| WORK TASK |
How do the lines read from the one holding "Crafted from durable" through the last line of the listing? Set them down exactly, pictures omitted.

---

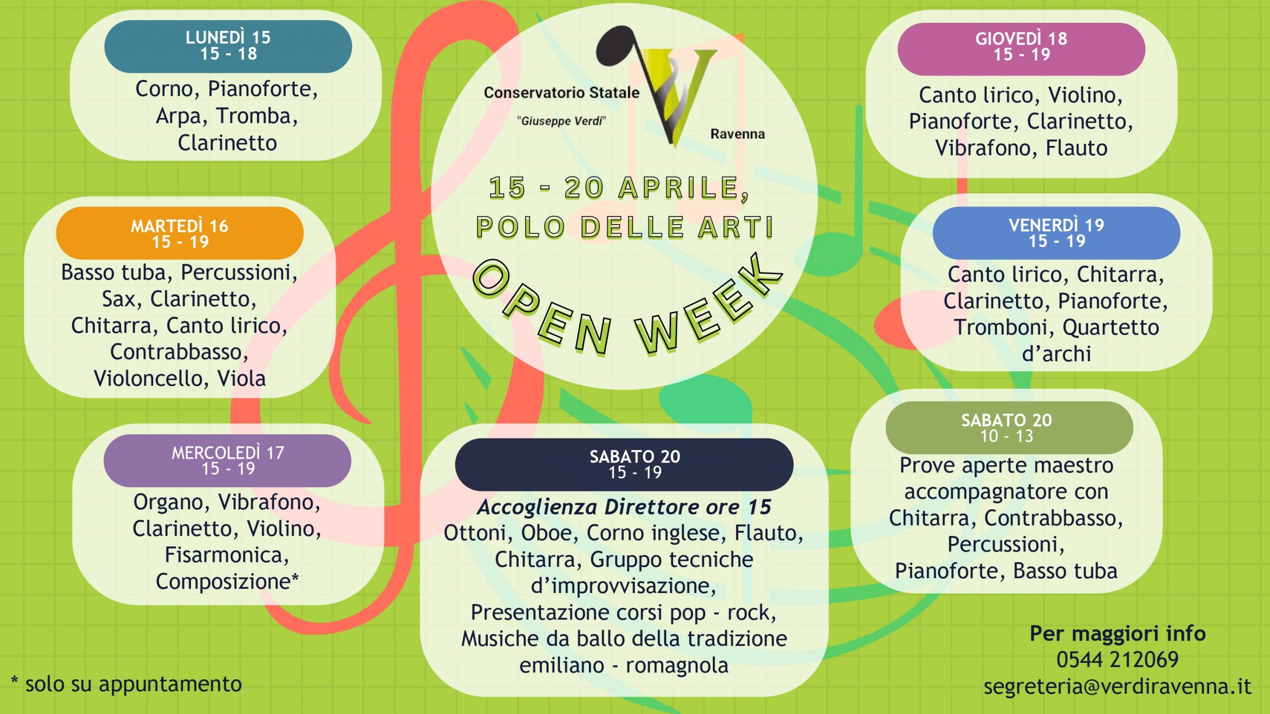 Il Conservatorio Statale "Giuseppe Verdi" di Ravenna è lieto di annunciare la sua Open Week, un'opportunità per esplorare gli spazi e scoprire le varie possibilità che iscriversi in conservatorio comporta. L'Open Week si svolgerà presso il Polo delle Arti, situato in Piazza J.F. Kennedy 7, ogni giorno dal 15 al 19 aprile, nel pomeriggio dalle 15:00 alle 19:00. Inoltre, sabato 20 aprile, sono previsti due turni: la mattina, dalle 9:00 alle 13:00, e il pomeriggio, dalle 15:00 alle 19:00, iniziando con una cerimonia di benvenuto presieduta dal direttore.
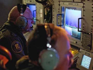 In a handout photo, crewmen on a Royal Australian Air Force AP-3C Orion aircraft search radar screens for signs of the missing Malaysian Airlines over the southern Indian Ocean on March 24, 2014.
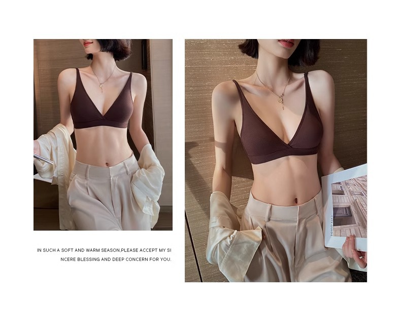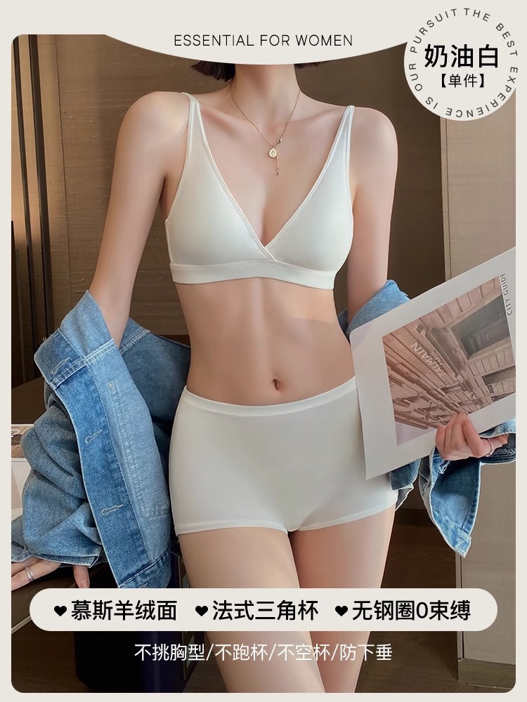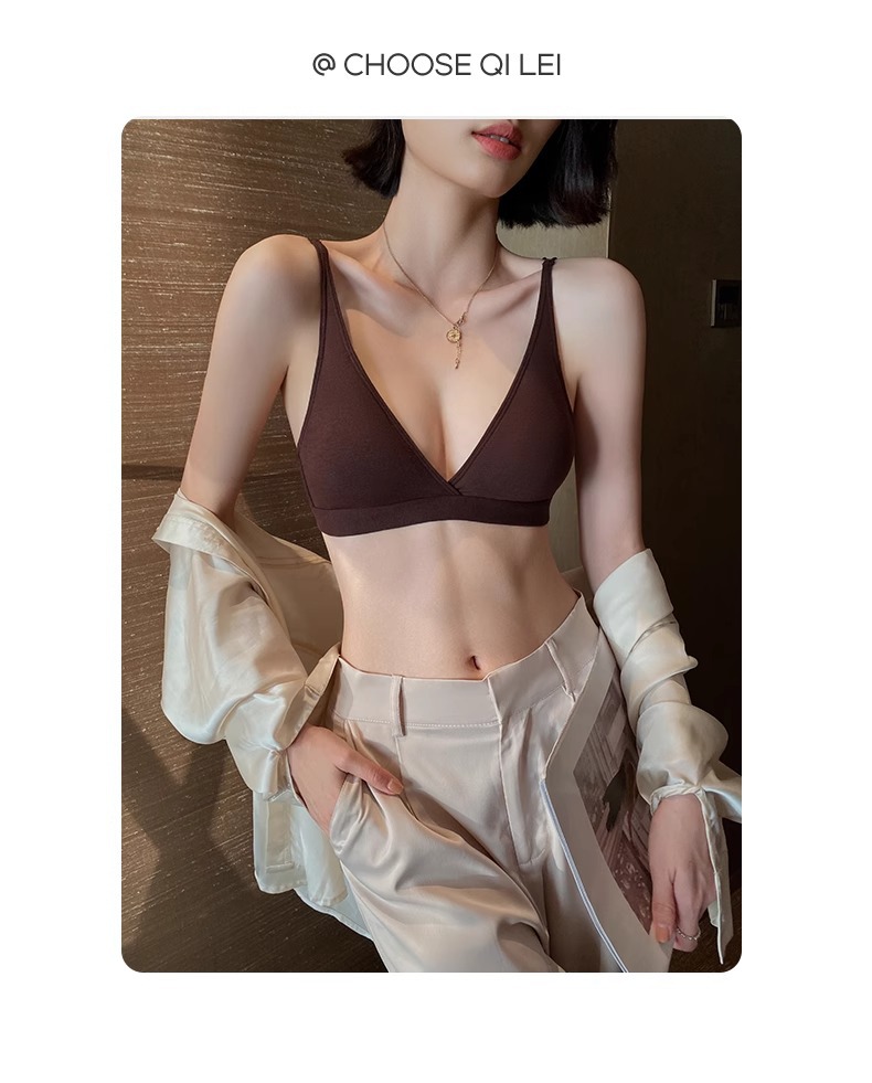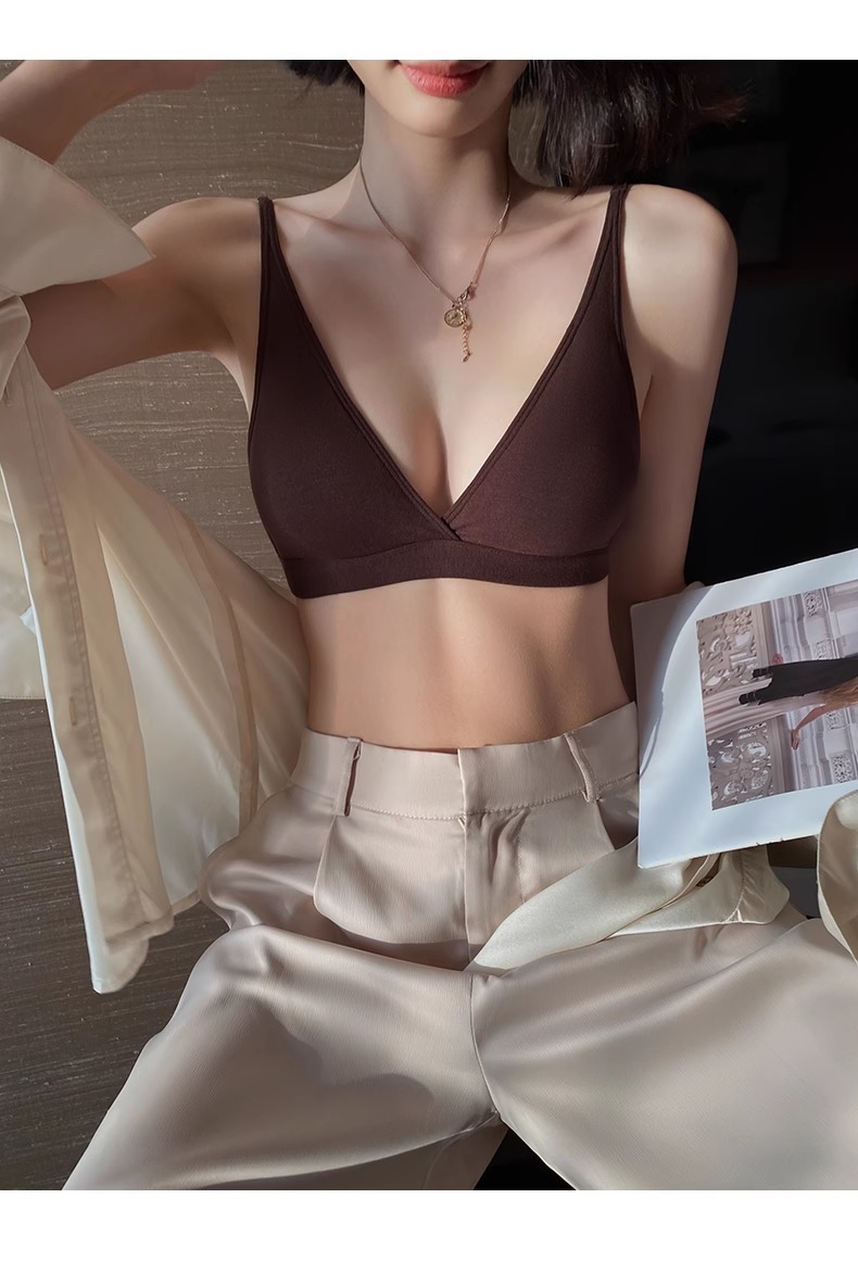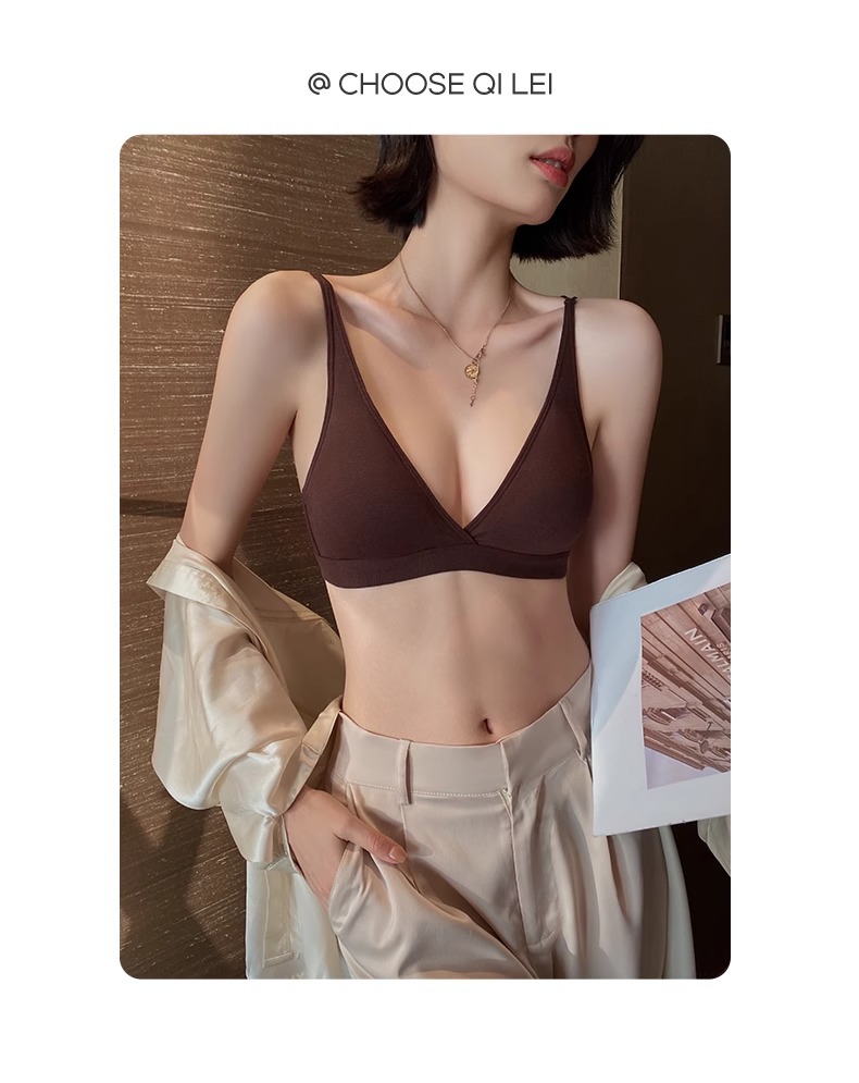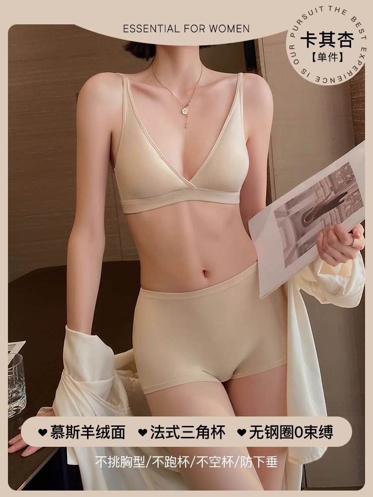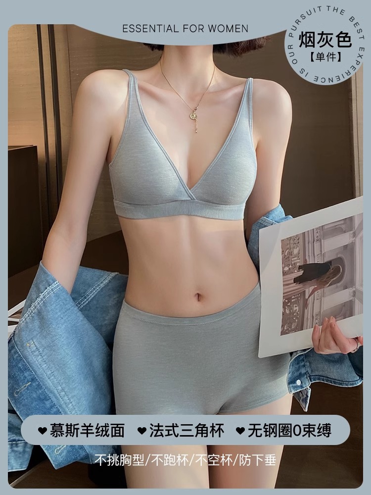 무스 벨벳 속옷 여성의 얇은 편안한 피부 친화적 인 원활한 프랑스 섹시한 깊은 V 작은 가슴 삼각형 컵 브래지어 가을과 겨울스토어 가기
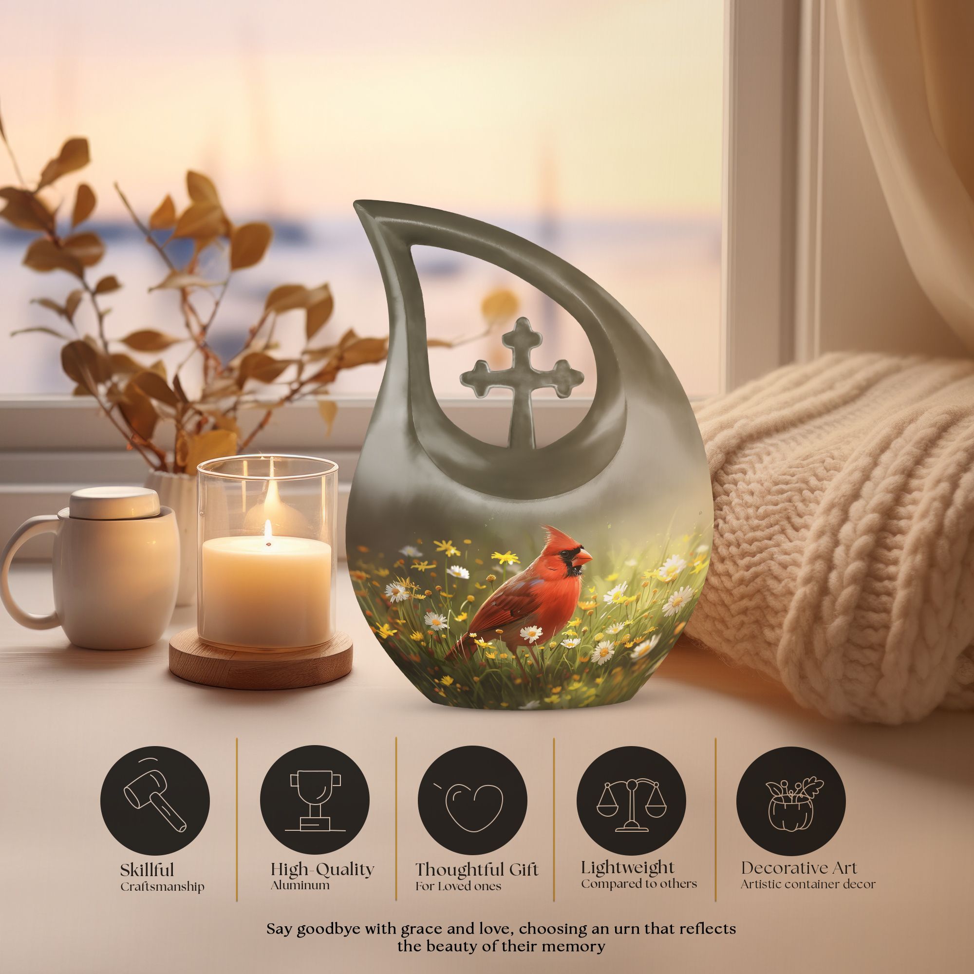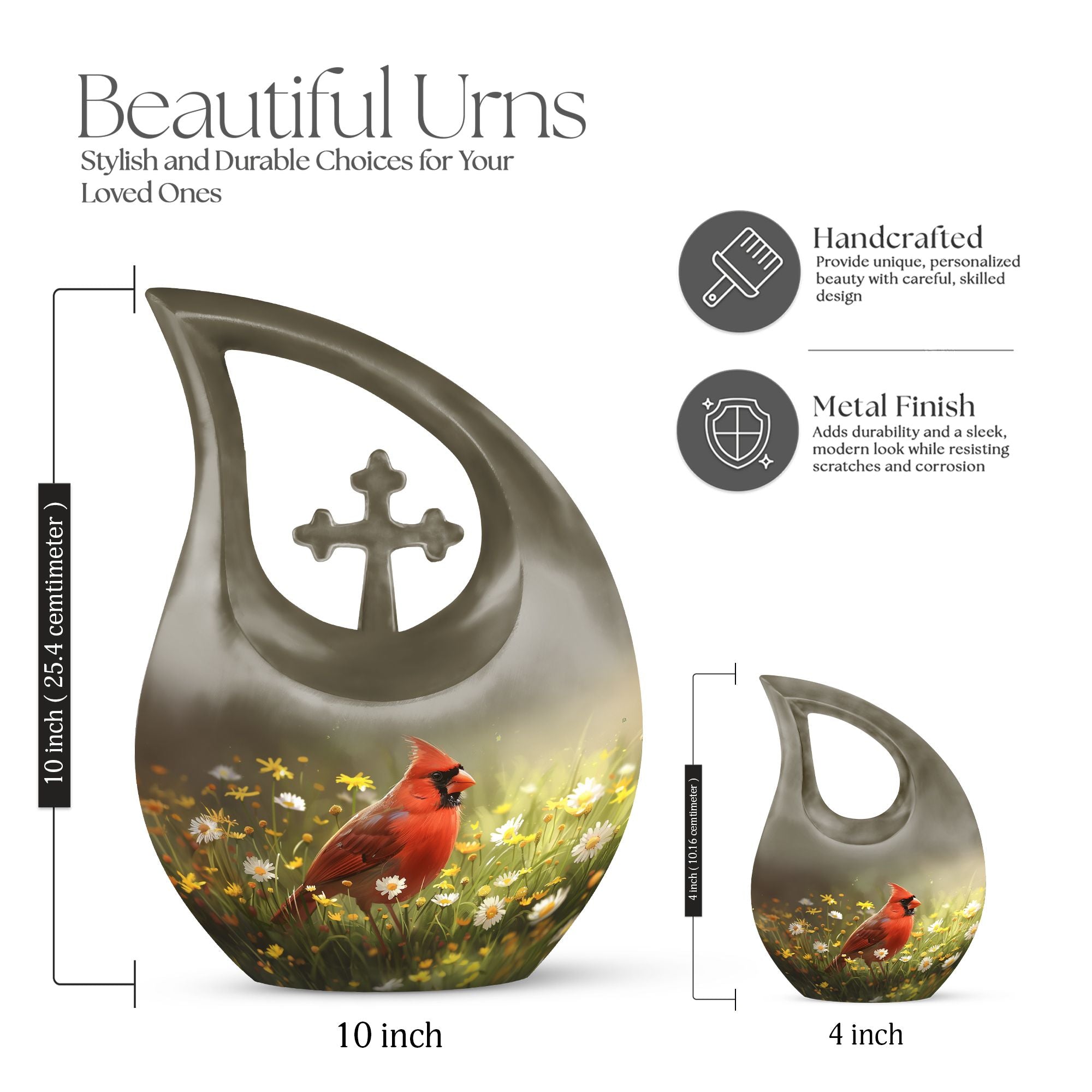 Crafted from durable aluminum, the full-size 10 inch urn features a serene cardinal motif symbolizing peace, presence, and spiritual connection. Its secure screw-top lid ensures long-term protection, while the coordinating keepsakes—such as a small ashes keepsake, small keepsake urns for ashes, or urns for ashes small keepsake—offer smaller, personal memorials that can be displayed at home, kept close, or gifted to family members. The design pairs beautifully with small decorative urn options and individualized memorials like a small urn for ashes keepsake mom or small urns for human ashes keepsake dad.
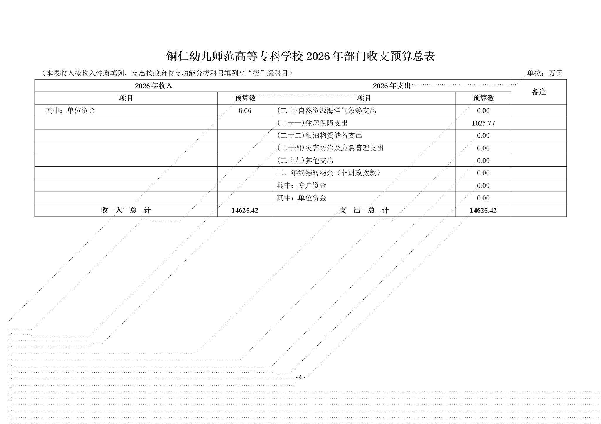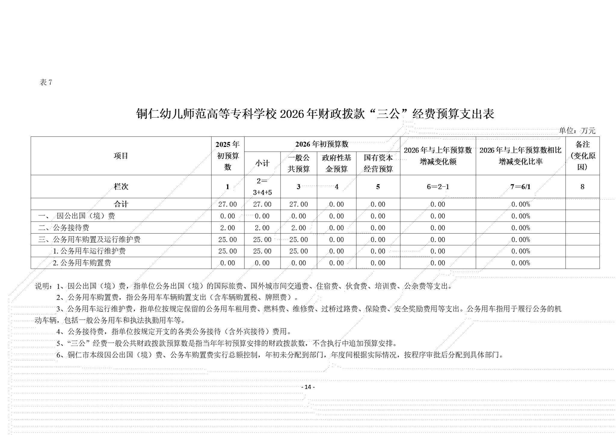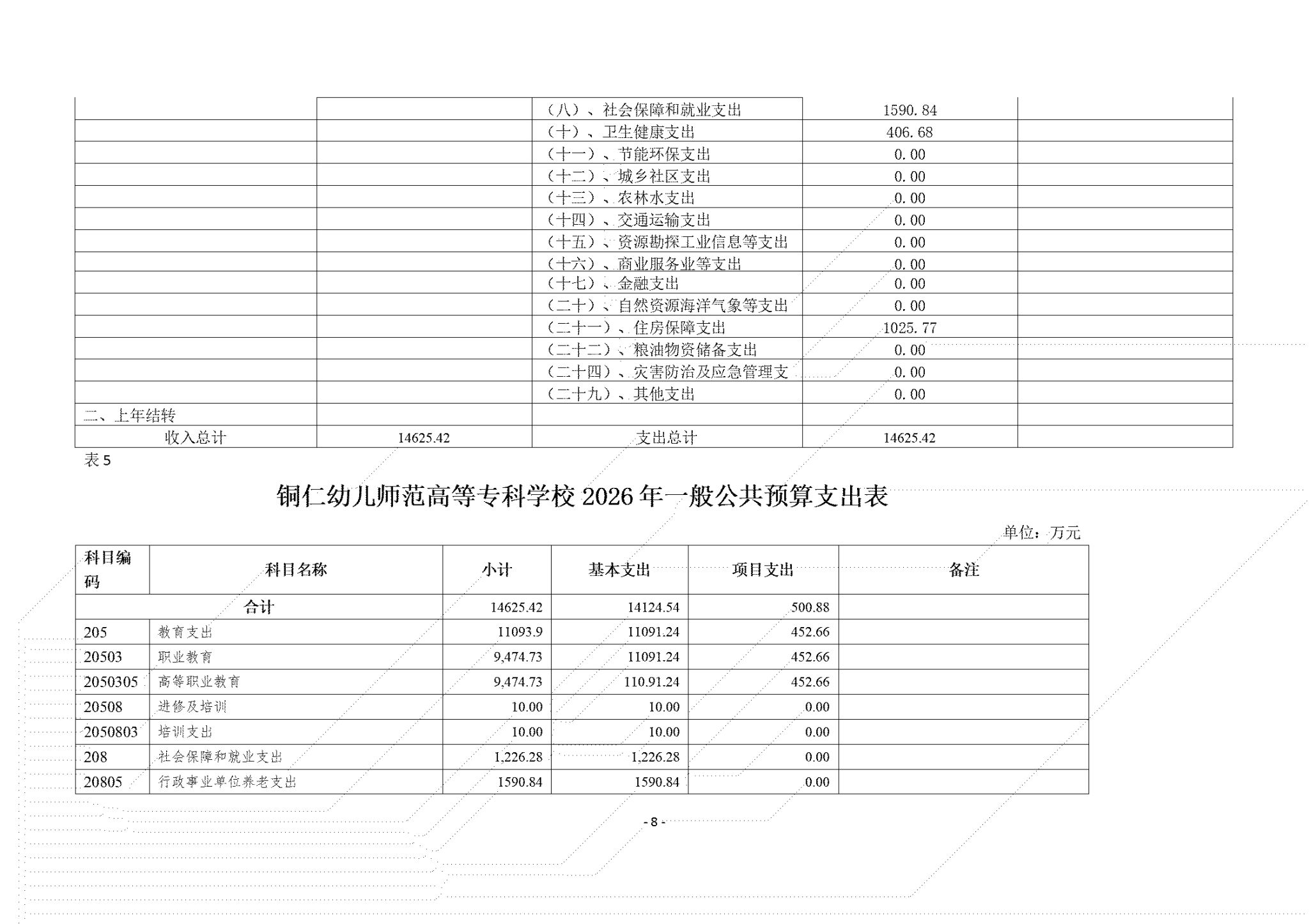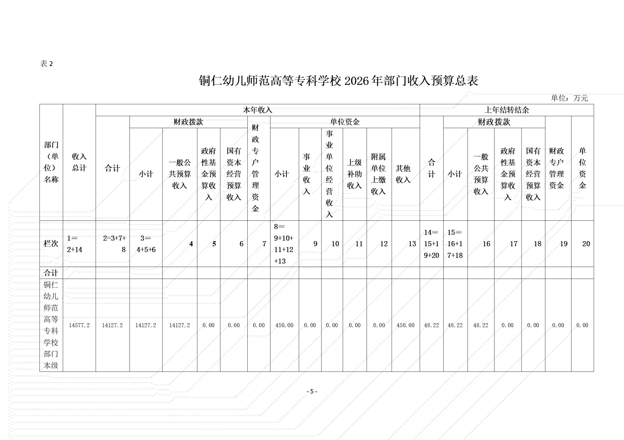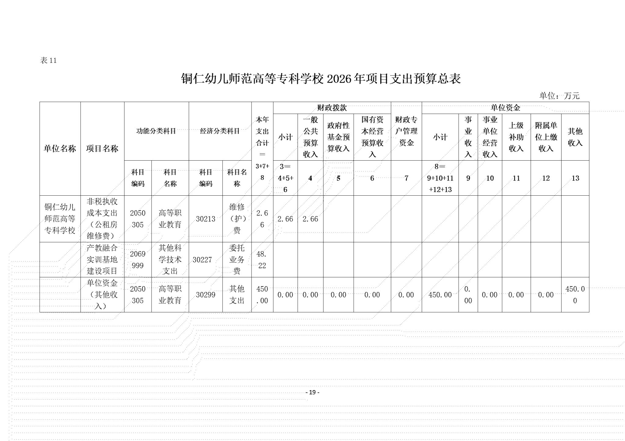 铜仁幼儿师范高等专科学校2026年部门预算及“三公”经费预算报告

---

| ANSWER SPACE |
 Crafted from durable aluminum, the full-size 10 inch urn features a serene cardinal motif symbolizing peace, presence, and spiritual connection. Its secure screw-top lid ensures long-term protection, while the coordinating keepsakes—such as a small ashes keepsake, small keepsake urns for ashes, or urns for ashes small keepsake—offer smaller, personal memorials that can be displayed at home, kept close, or gifted to family members. The design pairs beautifully with small decorative urn options and individualized memorials like a small urn for ashes keepsake mom or small urns for human ashes keepsake dad.
 铜仁幼儿师范高等专科学校2026年部门预算及“三公”经费预算报告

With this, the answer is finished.